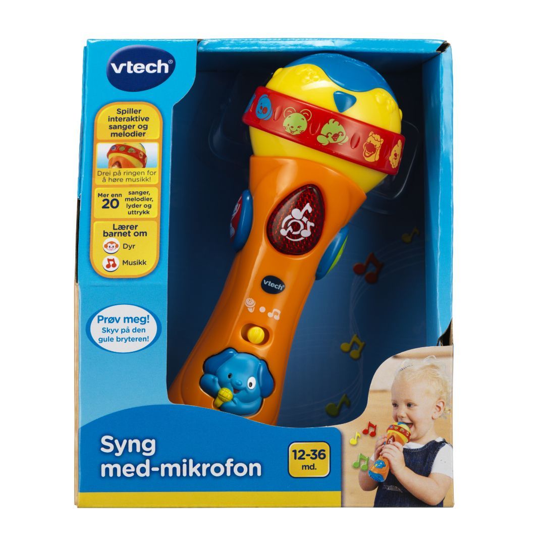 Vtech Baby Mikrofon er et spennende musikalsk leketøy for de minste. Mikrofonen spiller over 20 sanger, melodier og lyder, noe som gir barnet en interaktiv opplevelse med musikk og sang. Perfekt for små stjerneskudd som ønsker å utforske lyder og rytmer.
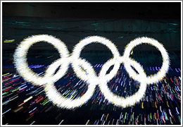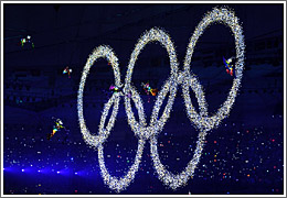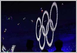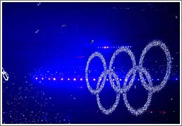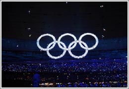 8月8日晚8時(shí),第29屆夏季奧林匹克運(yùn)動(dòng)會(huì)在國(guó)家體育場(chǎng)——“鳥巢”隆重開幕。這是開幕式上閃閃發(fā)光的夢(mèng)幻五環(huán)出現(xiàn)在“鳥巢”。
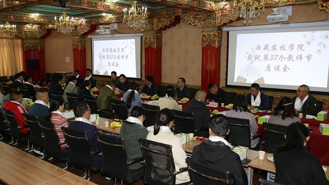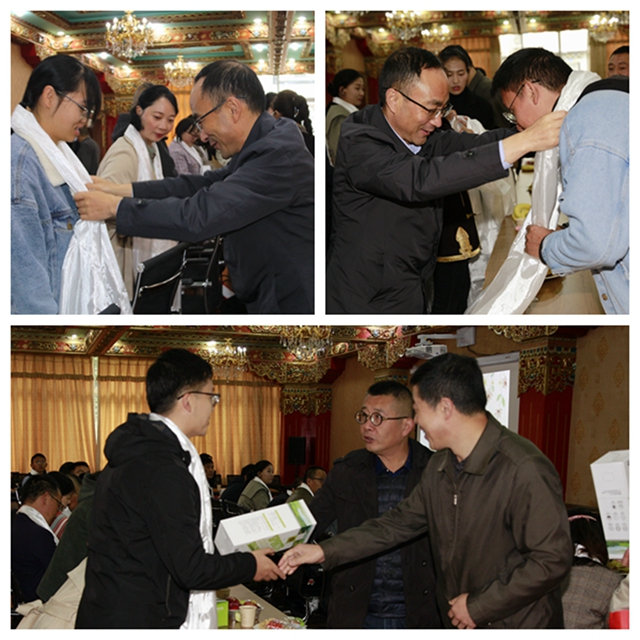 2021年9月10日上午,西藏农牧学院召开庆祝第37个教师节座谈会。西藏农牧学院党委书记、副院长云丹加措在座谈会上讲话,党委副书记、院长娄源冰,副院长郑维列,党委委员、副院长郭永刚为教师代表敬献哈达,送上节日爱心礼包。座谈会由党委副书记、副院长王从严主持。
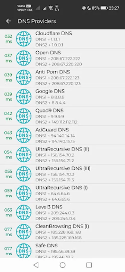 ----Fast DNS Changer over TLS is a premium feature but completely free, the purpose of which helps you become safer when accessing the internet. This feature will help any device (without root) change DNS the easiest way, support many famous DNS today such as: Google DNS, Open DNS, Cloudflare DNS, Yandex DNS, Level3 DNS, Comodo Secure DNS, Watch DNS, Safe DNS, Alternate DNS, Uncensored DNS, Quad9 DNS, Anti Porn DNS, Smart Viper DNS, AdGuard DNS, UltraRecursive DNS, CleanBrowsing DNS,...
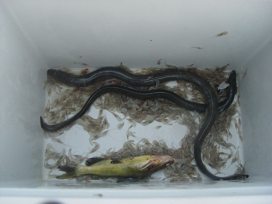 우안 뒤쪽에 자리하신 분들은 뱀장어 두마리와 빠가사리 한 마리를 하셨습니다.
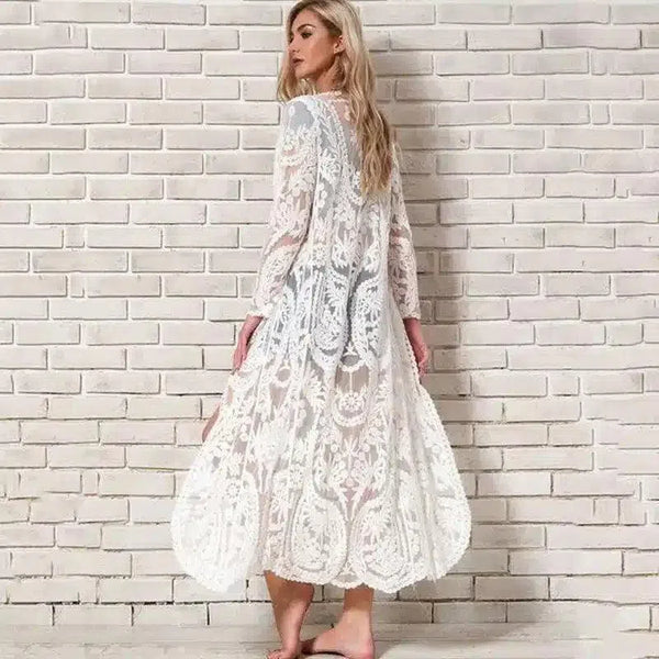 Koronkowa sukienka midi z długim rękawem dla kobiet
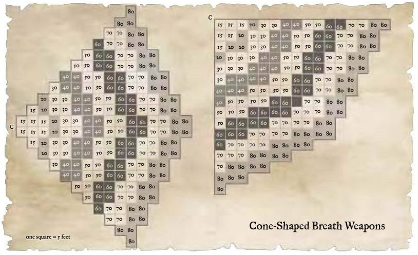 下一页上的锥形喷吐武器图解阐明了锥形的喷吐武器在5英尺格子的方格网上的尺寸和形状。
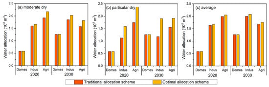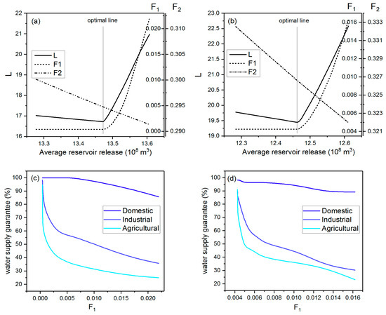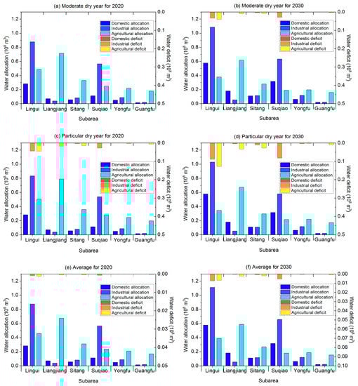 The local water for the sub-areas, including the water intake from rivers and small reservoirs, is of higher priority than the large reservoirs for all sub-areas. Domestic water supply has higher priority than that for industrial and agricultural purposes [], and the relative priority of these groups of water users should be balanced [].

= = =

> **Problem to work on**
Every line of the listing should be copied precisely, with images omitted.

> **Response**
 Vtech Baby Mikrofon er et spennende musikalsk leketøy for de minste. Mikrofonen spiller over 20 sanger, melodier og lyder, noe som gir barnet en interaktiv opplevelse med musikk og sang. Perfekt for små stjerneskudd som ønsker å utforske lyder og rytmer.
 8月8日晚8時(shí),第29屆夏季奧林匹克運(yùn)動(dòng)會(huì)在國(guó)家體育場(chǎng)——“鳥巢”隆重開幕。這是開幕式上閃閃發(fā)光的夢(mèng)幻五環(huán)出現(xiàn)在“鳥巢”。
 2021年9月10日上午,西藏农牧学院召开庆祝第37个教师节座谈会。西藏农牧学院党委书记、副院长云丹加措在座谈会上讲话,党委副书记、院长娄源冰,副院长郑维列,党委委员、副院长郭永刚为教师代表敬献哈达,送上节日爱心礼包。座谈会由党委副书记、副院长王从严主持。
 ----Fast DNS Changer over TLS is a premium feature but completely free, the purpose of which helps you become safer when accessing the internet. This feature will help any device (without root) change DNS the easiest way, support many famous DNS today such as: Google DNS, Open DNS, Cloudflare DNS, Yandex DNS, Level3 DNS, Comodo Secure DNS, Watch DNS, Safe DNS, Alternate DNS, Uncensored DNS, Quad9 DNS, Anti Porn DNS, Smart Viper DNS, AdGuard DNS, UltraRecursive DNS, CleanBrowsing DNS,...
 우안 뒤쪽에 자리하신 분들은 뱀장어 두마리와 빠가사리 한 마리를 하셨습니다.
 Koronkowa sukienka midi z długim rękawem dla kobiet
 下一页上的锥形喷吐武器图解阐明了锥形的喷吐武器在5英尺格子的方格网上的尺寸和形状。
 The local water for the sub-areas, including the water intake from rivers and small reservoirs, is of higher priority than the large reservoirs for all sub-areas. Domestic water supply has higher priority than that for industrial and agricultural purposes [], and the relative priority of these groups of water users should be balanced [].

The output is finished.